The Problem is Drive-By & Google Lawsuits, Not The ADA


There is a cancer growing within the disability movement and that is why the U.S. House Representatives passed H.R. 620 and want to tear apart the ADA. The cancer are a few lawyers and PWDs that sue under ADA to fill their own pockets. This is a stain on any progress that has been made in our fight for equality.  These people are cowards and  know their law suits are petty, or they would confront the business owner to help solve the problem.

Their have been many times where I have been at hotel and critiqued what they called an accessible bathroom. I often, jokingly so the ADA has a magic word and it is "reasonable" accommodations.  I remember, one time Wife and I used a public restroom and the door of the stall opened inward that really made it in-accessible since the door could not close with  my wheelchair in the stall.  We did get manger and pointed out this situation.  To me, that would not be worth my time suing over and even if I did, I doubt if it would get the end result that we were in search of.  For me, my resolution is to take my business else where and I have done this many times.

If the House of Reps used Drive-By and Google Lawsuits as the reason to gut the ADA the were just looking for an excuse to undo it's laws, rather then fix the problems to protect both sides. The ADA is on autopsy table, cuts to Medicaid and President Trump's new budget cuts funding for community based program for the disabled.  The slippery slope in getting steeper and steeper.

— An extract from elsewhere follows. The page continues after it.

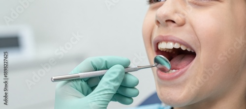 Happy child patient receiving a dental checkup with a mouth mirror in a clinic setting

A Closer Look at Drive-By & Google Lawsuits
Educating able-bodied people about the law and their potential violations of the law should not be the responsibility of the person with the disability. From a business’s perspective, drive-by lawsuits are seen as unfair because businesses claim that people with disabilities are not discussing violations with managers and personnel inside their establishments. But by definition drive-by lawsuits handle ADA violations outside of places of business, like in parking lots where lack of accessibility could make entering an establishment and discussing a violation unfeasible to begin with. For Google lawsuits, the 60 Minutes segment highlighted a hotel owner who was sued for not having an accessible pool. He stated the injustice of his situation by saying that: “At no point in time we ever had a customer on the property that requested it or that was even in a room that requested it.”[2] But that sentiment is part of the problem. In the age of Google, can this business owner really be surprised that no one with a disability would choose to stay in an inaccessible hotel? That does not mean that there was not a burden placed on people with disabilities who had to search extensively for an accessible place to stay. Nor should it be their burden to request that a business comply with a 27-year-old law.